On his return to England Tulloch entered the senior department of the Royal Military College Sandhurst, and obtained a first-class certificate. While at the college he gained the friendship of John Narrien the mathematical professor.

==Statistician==
During his residence in India Tulloch had been impressed by the amount of sickness among the troops. With figures available to him, he drew up a series of tables showing the approximate death rate at various stations for a period of twenty years. These tables he published in Colburn's United Service Magazine for 1835. They attracted the attention of Earl Grey, then secretary of war, and he appointed Tulloch, with Henry Marshall and George Balfour, to investigate the subject fully and to report on it to parliament. Four volumes of statistical reports were the results of their inquiry, which extended till 1840, and the data afforded by the investigation have formed the basis of many subsequent ameliorations of the soldier's condition.
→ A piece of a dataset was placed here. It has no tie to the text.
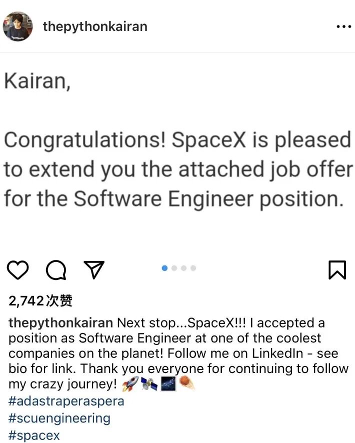 据媒体报道,凯兰于2009年生于美国旧金山湾区,父母都是孟加拉裔美国人,他的爸爸还曾经是一名化学工程师,母亲是华尔街高管。在凯兰很小的时候,他就表现出异于常人的天赋。2岁的凯兰已经能说出完整的句子。据美国《洛杉矶时报》报道,凯兰在幼儿园时就会收听美国国家公共广播电台,并把他听到的故事讲给老师和同学。父母发现了他异于常人之处,医生的鉴定也让他的家人确定凯兰就是一个双商(智商和情商)极高的天才。到他上小学三年级时,他的智商已经超过180,超过99.9%的人类。于是,凯兰在7岁时开始学习编程;9岁,凯兰被送入当地一家社区大学学习;10岁,凯兰便获得了英特尔实验室的实习机会,从事生成式人工智能的相关研究,他曾在社交媒体上表示,英特尔的这段经历“改变了他的职业轨迹”;11岁时,凯兰转学到美国圣塔克拉拉大学,开始计算机科学与工程的系统学习。凯兰在接受《洛杉矶时报》采访时说,正是在大学环境中,“我觉得我所学习的内容才符合我的水平。”而今,年仅14岁的凯兰刚刚从美国圣塔克拉拉大学毕业,是该校172年历史上最年轻的毕业生。能拿下SpaceX的offer,凯兰凭借的除了他在学习上的高智商,还有大学期间相当辉煌的校内外经历。在大学期间,他不仅加入了校内计算机机器协会,担任联合学生会的高级参议员,还被任命为辅导员,为那些比他大得多的同学们辅导课业。此外,他自10岁起就是英特尔人类AI实验室的一名研究合作者,该实验室主要推进开源的预测性语音生成平台,凯兰参与开发了开源语音预测生成平台——下一代霍金ACAT系统。在英特尔实验室的实习,凯兰已经坚持了4年。根据凯兰的LinkedIn简介,去年6-9月他曾在网络情报公司Blackbird.AI担任了四个月的机器学习实习生,期间帮助设计了一个“异常检测统计学习管道”,以确定社交媒体内容的操纵性。此外,他还是麻省理工科技评论的客座作家,并曾经登上Shift AI发表主题演讲。这一份履历,即便放在人才济济的硅谷也依旧亮眼,更何况他还是个年仅14岁的少年。除了日常工作学习外,凯兰的课外生活也非常丰富。他透露自己正在努力和家人学习孟加拉语。早在2019年也曾有媒体报道过他,当时他就在自学中文和中国功夫。目前,凯兰正准备在 7 月份正式入职 SpaceX:“我对我生命中的这一新篇章感到非常兴奋。”尽管智商超群,成长和学习履历一路跳级,但天才的成长也并非一帆风顺,在找工作上面,即使有着众多光环加身的凯兰也因为年龄的原因多次被拒绝。据凯兰自己称,在过去的一年中,他一共递出了97份求职申请,但只有三家公司给了他机会,SpaceX是其中之一。今年4月,凯兰在ins上发了一条动态:为一份重要工作的面试做准备,进入“紧张和成熟”的氛围中。6月,凯兰就宣布了喜报:“下一站……SpaceX!!!我接受了地球上最酷的公司之一的软件工程师的职位!!!!”据悉,凯兰要加入的是SpaceX的卫星互联网Starlink团队,可谓是核心部门里的重要岗位。在正式获得SpaceX的offer前,凯兰共经历了10轮面试。据求职网站数据,SpaceX录取率仅0.2%,比进哈佛还难。但是极高的入职难度同时也对应着丰厚的回报,SpaceX的软件工程师年薪高达14万-21.6万美元,折合人民币约100万-150万。能通过SpaceX的面试,无疑是很多计算机毕业生的梦想。凯兰的加入也创下纪录,成为SpaceX最年轻的软件工程师。他感谢SpaceX是少数不用年龄作为判断申请者成熟度和能力的公司之一,而SpaceX的招聘经理相信他有潜力成为顶尖工程师,这也让他备受鼓舞。值得一提的是,按照华盛顿地区的法律,SpaceX可以合法雇佣凯兰,因为他恰好踩中了最低法定工作年龄。提到凯兰所选择的SpaceX,人们就不得不提到马斯克——另一位不折不扣的天才少年。事实上,作为凯兰的老板,马斯克一直坚持要和最厉害的人才共事,并曾在SpaceX的招聘页面写过一句话:“SpaceX就像一支特种部队。我们在做别人认为不可能完成的任务。”这也让SpaceX成立不久后便组成了一支明星团队。SpaceX的首位工程师便是马斯克在参观火箭制造车间时看到的一名扛着80磅火箭推进器的瘦高男子,当场面试,在问了大量细节问题后,成功将其挖到Space X。推进部门首席技术官Tom Mueller曾在美国最大发动机制造商TRW工作过15年,参与过研发阿波罗登月飞船着陆动力系统。此外,麦道飞行公司“大力神”火箭首席设计师Chris Thompson,波音公司Delta火箭测试主管Tim Buzza也都被马斯克揽入麾下。因此,SpaceX也曾一度被一家美国职场信息权威社区Glassdoor评为“Best places to interview”(最佳求职公司)。在SpaceX成立的前六年时间里,马斯克参与了SpaceX前1000名员工中每一个人的招聘工作,甚至包括保洁、门卫。多年的经历让马斯克形成了一套自己成熟的“HR”哲学,即坚持招聘顶尖人才。马斯克曾表示:“创业的话,更要想尽办法,找到最厉害的人才。”他自己也一直践行这个原则。据传,马斯克经常向大学咨询“谁是最勤奋、最聪明、且未婚的研究生”,并在第一时间联系,就近面试,一旦发现人才,立马发出offer。大学是他获取人才的途径,但马斯克绝不是唯学历论者。他认为:“如果一个人从一所优秀大学毕业,可能意味他有能力做大事,但事实未必如此。你看比尔·盖茨、埃利森、贾伯斯等人,都不是大学毕业生,但如果你有机会雇用他们,那当然会是个好主意。”在特斯拉人工智能部门招聘时,马斯
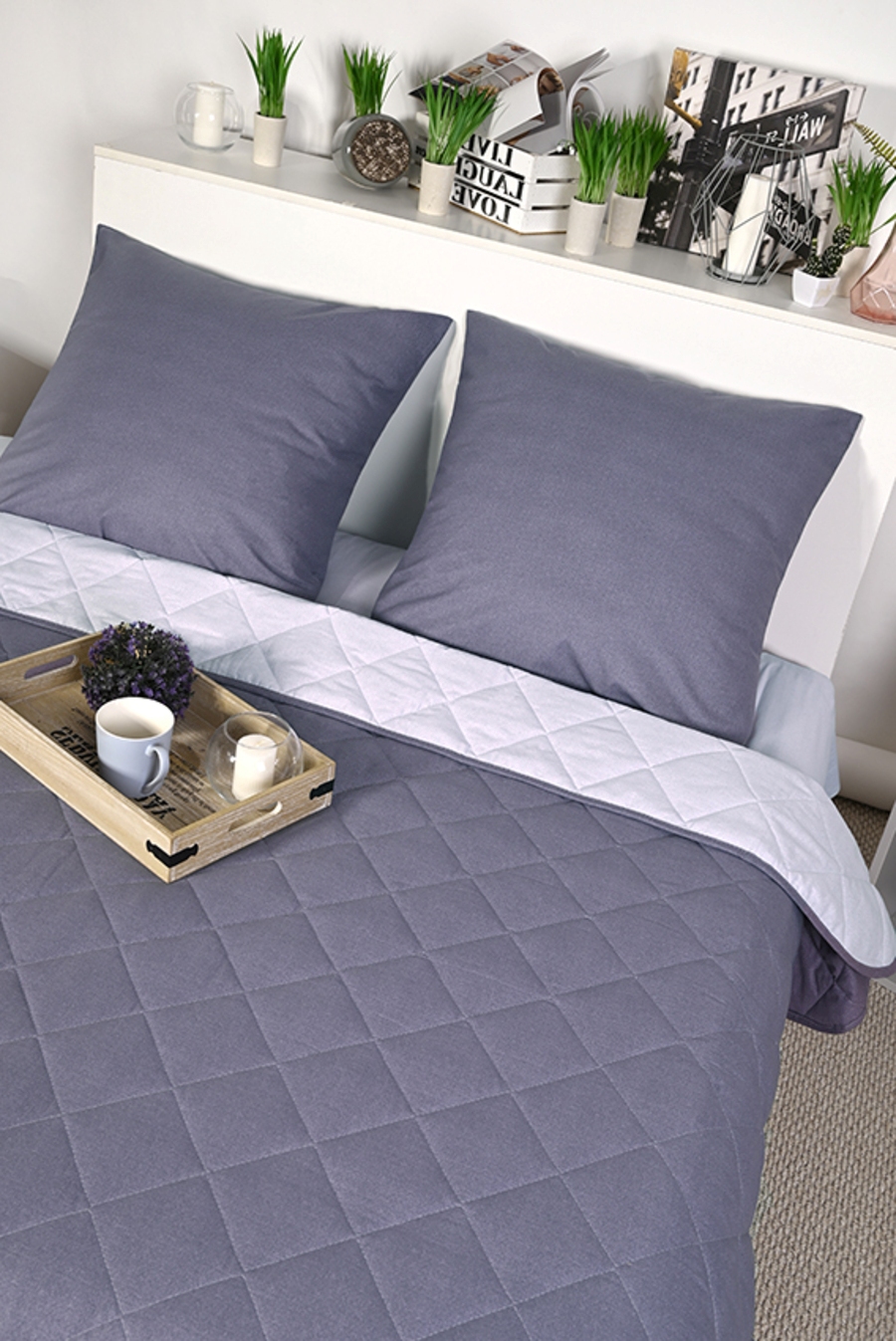 Уникальность набора в том, что в него входят: наволочки, простыня и легкое всесезонное одеяло. Это современное и очень удобное решение, которое идеально подходит тем, кто хочет быстро застилать кровать. Покупая постельные комплекты с одеялом вы экономите на покупке отдельного одеяла. Так же одеяло можно использовать как покрывало, используя его с двух сторон. Комплект легко стирается в обычной машине. Состав комплекта: поплин плотностью 110 г/м2 (100% хлопок), наполнитель - синтепон 150 г/м2 Края одеяла обработаны окантовочным материалом, наволочки клапан Комплектация и размеры: Набор 1,5 сп. - Одеяло 205х142, Простыня 215х150 см (±3 см) 1 шт, Наволочка 70х70 см (±1 см) 2 шт Набор 2 сп. с евро простыней - Одеяло 205х172, Простыня 240х215 см (±3 см) 1 шт. Наволочка 70х70 см (±1 см) 2 шт Набор малое евро - Одеяло 220х205, Простыня 240х215 см (±3 см) 1 шт, Наволочка 70х70 см (±1 см) 2 шт Внимание: Цвета материалов на сайте могут незначительно отличаться от реальных из-за особенностей цветопередачи монитора.

While engaged on the statistics relating to sickness, Tulloch's attention was drawn to the longevity of army pensioners, and after some research he found that great frauds were perpetrated on the government by the relatives of deceased pensioners continuing to draw their pay. By his recommendation these impositions were rendered impossible by the organisation of the pensioners into a corps with staff officers, and in this manner the pensioners were also rendered a body capable of affording assistance to the state on emergency. He obtained a captaincy on 12 March 1838 and was appointed a Companion of the Order of the Bath (CB) in the 1838 Coronation Honours. He was promoted to the rank of major on 29 March 1839, was appointed lieutenant-colonel on 31 May 1844, and on 20 June 1854 obtained the rank of colonel.

==Crimean War report==
In 1855, in consequence of the disasters in the Crimean War, Tulloch was sent with Sir John McNeill to examine the system of commissariat. Their final report was prepared in January 1856, and laid before parliament. Its views reflected on the capacity of many officers of high rank who had served in the Crimea. The commissioners did not lay the entire blame on the failure of the home authorities to furnish adequate supplies, but, on the contrary, reprehended the carelessness of general officers with the army in not providing for the proper distribution of stores and in neglecting the welfare of their troops.
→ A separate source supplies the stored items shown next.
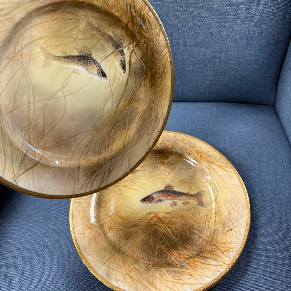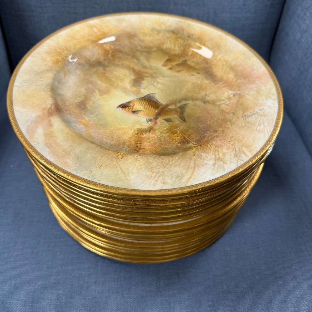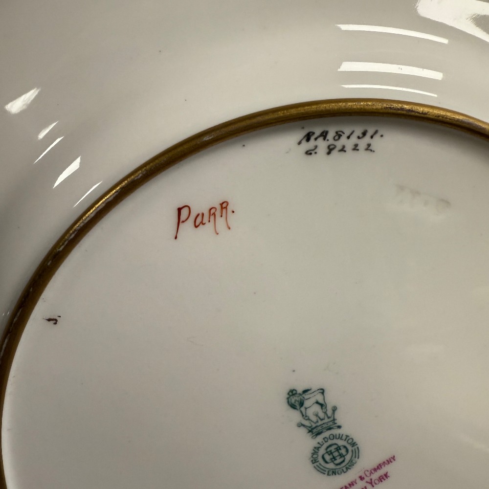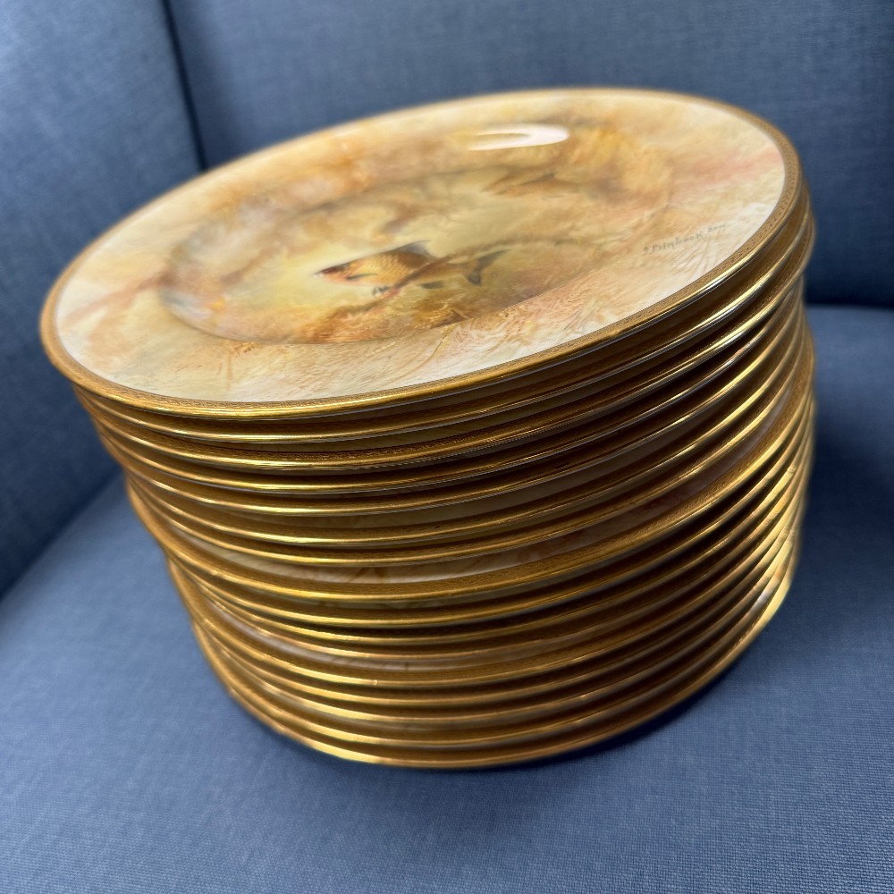 hand painted, signed, incredible collection of 16. Each measuring 9.5" D with gold edging.
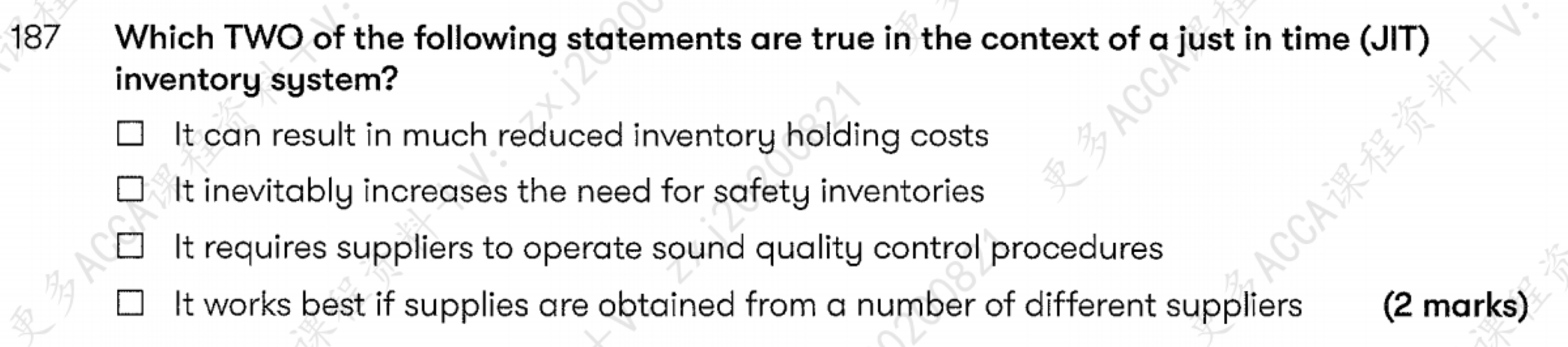 同学,B 描述要增加安全存货,JIT是要0存货的;C要求供应商对其运营有很好的控制,是对的,这样就会导致公司能快速且高质量的提供原材料,才能生产高质量的产品;D描述如果有大量不同的供应商会很好,是错误的,有关系好,反应快,质量好的供应商一个或者两个就好了。
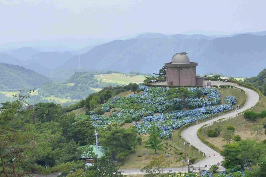 | 猪名川町大野アルプスランドから見る猪名川天文台を囲む紫陽花 |

The report was resented by many military men, and, through their representations, was referred to a board of general officers assembled at Chelsea. McNeill declined to take any share in the proceedings. Tulloch, however, appeared before the board to sustain the report and to clear himself of charges of malignant feeling made by Lord Lucan. The board refused to endorse the findings of the report, and laid the whole blame of the Crimean disasters on the authorities at Whitehall. Tulloch had been prevented by illness from attending the final meetings, but in 1857 he published, in defence, The Crimean Commission and the Chelsea Board. Palmerston's government then were compelled by a parliamentary vote to bestow on him the honour of K.C.B., and to appoint McNeill a privy councillor. Kinglake, in his Invasion of the Crimea, repeated the allegations of the general officers, and accused the Crimean commissioners of having gone beyond their instructions, and of basing their report on improperly digested evidence. He drew from Tulloch a second edition of his work, published in 1882, on account of "certain misstatements in Mr. Kinglake's seventh volume", with a preface by Sir John McNeill, in which he denied Kinglake's insinuation that he did not fully support Tulloch in regard to the findings of their report.

==Family==
On 17 April 1844, Tulloch married Emma Louisa, youngest daughter of Sir William Hyde Pearson, M.D.

==Last years==
In 1859, in poor health, Tulloch retired from the war office with the rank of major-general. He died without issue at Winchester on 16 May 1864, and was buried at Welton, near Daventry. Louisa Tulloch is also buried at Welton, and there is a memorial to her at the church of St. Marten, Welton.